The Red Shoes is my favorite, but I also love The Life and Death of Colonel Blimp, I Know Where I'm Going and Black Narcissus. In I Know Where I'm Going, I especially love the dance hall sequence. So many dance movies these days fail to show us the feet. I was watching You Got Served (or maybe it was Drum Line), thinking "did these guys never see a Powell & Pressburger movie? They should know, you always gotta start with the feet." I don't know how exactly they did it, but they had a way of filming crowds and collective motion that really puts you there in the middle of things. Look at the beginning of the Red Shoes. And speaking of the subjective camera, there's that bit where the camera twirls in place of Moira Shearer, just stopping long enough to capture a face in the audience.

Sweet.



The People's Republic of Clogher
Powell is just about on the same level as Hitchcock and David Lean for me.
I'd put him above both.

I love Powell's (& Pressburger's; not seen many of his early ones, to be honest) films. True visionaries in that new-fangled medium called 'colour'. With a 'u'.
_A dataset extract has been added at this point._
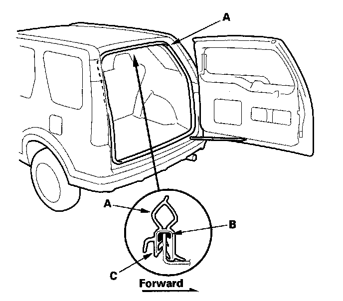 4. Locate the painted alignment mark (C) on the tailgate weatherstrip. Align the painted mark with the alignment tab in the center of the tailgate opening, and install the weatherstrip. Make sure it's seated completely and facing in the direction shown. Make sure there are no wrinkles in the weatherstrip.

That he was neglected by the industry for so long (he resorted to storyboarding for Coppola in the 70s, I believe*) is a crying shame.

Of the MP/EP films that I own, my favourite would have to be Blimp - it's close to perfection - followed by A Matter of Life and Death, One of Our Aircraft is Missing and Black Narcissus.

Of his 'solo' films it would have to be Peeping Tom. No surprises there, then.



*Edit - Or was it George Lucas?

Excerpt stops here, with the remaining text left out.